Si Dios violara este atributo básico (la justicia perfecta), su perdón sería prácticamente
inútil porque el orden de cosas, establecido desde un principio por Dios y roto por el
pecado, no se restablecería.
Dios hijo, revestido de forma humana, derramó su sangre por el pecado del hombre,
satisfaciendo por tanto toda exigencia de justicia santa. Y a través de esa sangre
preciosa, Dios mostró que es a la vez “justo y justificador del que cree en Jesús” (Rm
3, 26).
Dios es amor
Dios, en su incomparable amor por el hombre pecador, también ha decretado que la
pena por el pecado pueda ser pagada –como ya se ha dicho- por un sustituto; y el
sistema de sacrificios del Antiguo Testamento está basado en este principio.
“En esto consiste el amor: no en que nosotros hayamos amado a Dios, sino en que él
nos amó y nos envió a su Hijo como propiciación por nuestros pecados” (1 Jn 4, 10).
El mismo Jesús dijo: “Porque tanto amó Dios al mundo que dio a su Hijo único, para
que todo el que crea en Él no perezca, sino que tenga vida eterna” (Jn 3, 16). “Dar a
su Hijo” significaba entregarlo a la humanidad para que esta fuera amada hasta el
extremo.
Dios Padre ha dado a su Hijo para la salvación del mundo permitiendo su muerte de
cruz por los pecados del mundo, entregándolo por amor. El amor es la explicación
definitiva de la redención mediante la cruz.
Jesús por amor se entrega en manos de los hombres, Él se ofrece; no es que le quiten
la vida. Dar la vida por otro es amor, morir para que otro tenga vida es amor como hizo
san Maximiliano Maria Kolbe.
Dios ama al ser humano desde que este fue creado y Dios, como amante, desea
entregarse al ser humano, identificarse con él o, mejor aún, quiere integrarlo a su
propia vida.
Y aquí recordemos lo que dice san Pablo: “Bendito sea el Dios y Padre de nuestro
Señor Jesucristo, que nos ha bendecido con toda clase de bendiciones espirituales, en
los cielos, en Cristo; por cuanto nos ha elegido en él antes de la fundación del mundo,
para ser santos e inmaculados en su presencia, en el amor; eligiéndonos de antemano
para ser sus hijos adoptivos por medio de Jesucristo, según el beneplácito de su
voluntad” (Ef 1, 3-5).
Este texto nos dice que Dios Padre, por amor, nos ha elegido en Jesucristo, aun antes
de la creación del mundo, para que estemos en su presencia santos y sin tacha como
hijos adoptivos y nos ha bendecido en su hijo.

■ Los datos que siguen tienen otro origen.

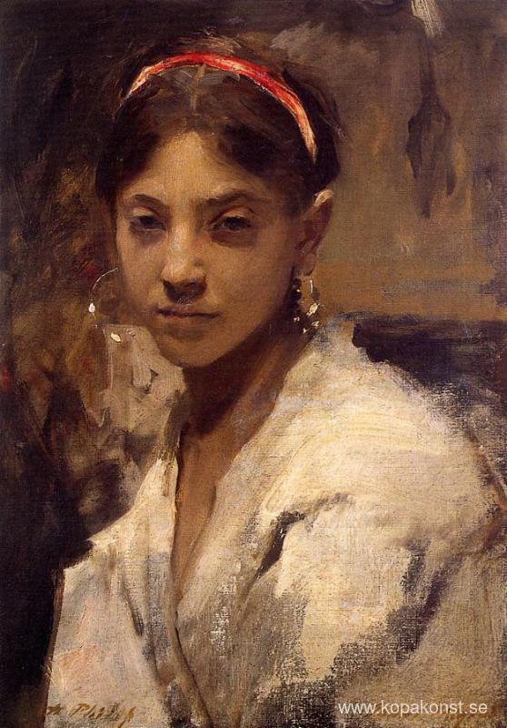 Vi erbjuder dig en hantverksmässig reproduktion på duk av det berömda konstverket 'Chef för en Capri Girl' av John Singer Sargent, från Reproduktionsmuseet.

Por tanto la encarnación del Hijo de Dios no es, si se puede decir así, un plan B para
restaurar un plan fracasado por el pecado original sino que estaba ya prefijada en el
diseño del plan de Dios desde siempre; es decir la misión de Jesucristo a favor de la
humanidad ya estaba prefijada antes de los tiempos.
Y es lo que confirma el mismo Bautista cuando presenta a Jesús diciendo: “He aquí el
Cordero de Dios que quita el pecado del mundo” (Jn 1, 29).
Nos encontramos, pues, ante un designio divino que, aunque sea muy lógico a sus
ojos, sigue siendo un misterio que la razón humana no puede explicar
satisfactoriamente.
Es lo que el Apóstol Pablo confirmará con una paradoja muy famosa: “Porque la
necedad divina es más sabia que la sabiduría de los hombres, y la debilidad divina,
más fuerte que la fuerza de los hombres” (1 Cor 1, 25).